Especial attention is paid to the assignment of groups for the five-membered-ring-containing species. A key factor in group assignment is the extent to which the bonds in the five-membered rings are associated with the delocalized π-bond structure.  A preliminary ring-additivity method, containing groups comparable to those described for benzenoid PAH by Gutman and Cyvin [11], some of which are used as third-order groups by Marrero and Gani [12], is described for both five- and six-membered rings.

References

[1] Pope, C.J. "Estimation of Normal Boiling Point, Critical Properties, and Lennard-Jones ---Parameters for Polycyclic Aromatic Hydrocarbons and Fullerenes", poster presented at the American Institute of Chemical Engineers Annual Meeting, November 2013, San Francisco, CA.

[2] Pope, C.J. "Revisiting Approaches to Obtaining Transport Properties of PAH and Fullerenes", poster presented at the Thirty-Fifth Symposium (International) on Combustion, August 2014, San Francisco, CA.

[3] Pope, C.J. "Estimation of the Acentric Factor for Polycyclic Aromatic Hydrocarbons (PAH) and Fullerenes", poster presented at the American Institute of Chemical Engineers Annual Meeting, November 2014, Atlanta, GA.

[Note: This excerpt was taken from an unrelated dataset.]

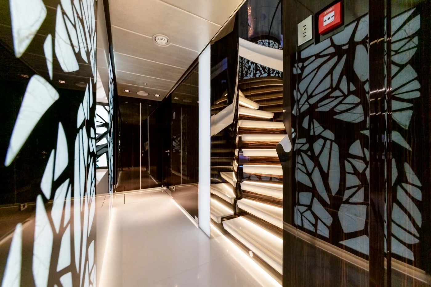 Motor yacht MySky has been superbly designed by Frank Laupman from Omega Architects, with naval architecture by the yard's in-house team, in partnership with Van Oossanen. Her interior design is by Erick van Egeraat. Accommodation is offered for up to 12 guests in 6 cabins.

[4] Pope, C.J. "Application of the Marrero and Pardillo Property Estimation Method to Unsubstituted Polycyclic Aromatic Hydrocarbons (PAH) and Fullerenes", poster presented at the American Institute of Chemical Engineers Annual Meeting, November 2014, Atlanta, GA.

[5] Pope, C.J. (1988) "Fluxes and Net Reaction Rates of High Molecular Weight Material in a Near-Sooting Benzene-Oxygen Flame", S.M. Thesis, Massachusetts Institute of Technology.

[6] Wang, H.; Frenklach, M. (1994) "Transport Properties of Polycyclic Aromatic Hydrocarbons for Flame Modeling", Combust.Flame, 96:163-170.

[7] Dias, J.R. (1984) "Isomer enumeration of nonradical strictly peri-condensed polycyclic aromatic hydrocarbons", Can.J.Chem., 62:2914-2922.

[8] Pope, C.J.; Marr, J.A.; Howard, J.B. (1993) "Chemistry of Fullerenes C₆₀ and C₇₀ Formation in Flames", J.Phys.Chem., 97:11001-11013.

[9] Smalley, R.E. (1992) "Self-Assembly of the Fullerenes", Acc.Chem.Res., 25:98-105.

[10] Schmalz, T.G.; Seitz, W.A.; Klein, D.J.; Hite, G.E. (1988) "Elemental Carbon Cages", J.Am.Chem.Soc., 110:1113-1127.

[11] Gutman, I.; Cyvin, S.J. (1989) "Introduction to the Theory of Benzenoid Hydrocarbons", Springer-Verlag, New York.

[12] Marrero, J.; Gani, R. (2001) "Group-contribution based estimation of pure component properties", Fluid Phase Equil., 183–184:183–208.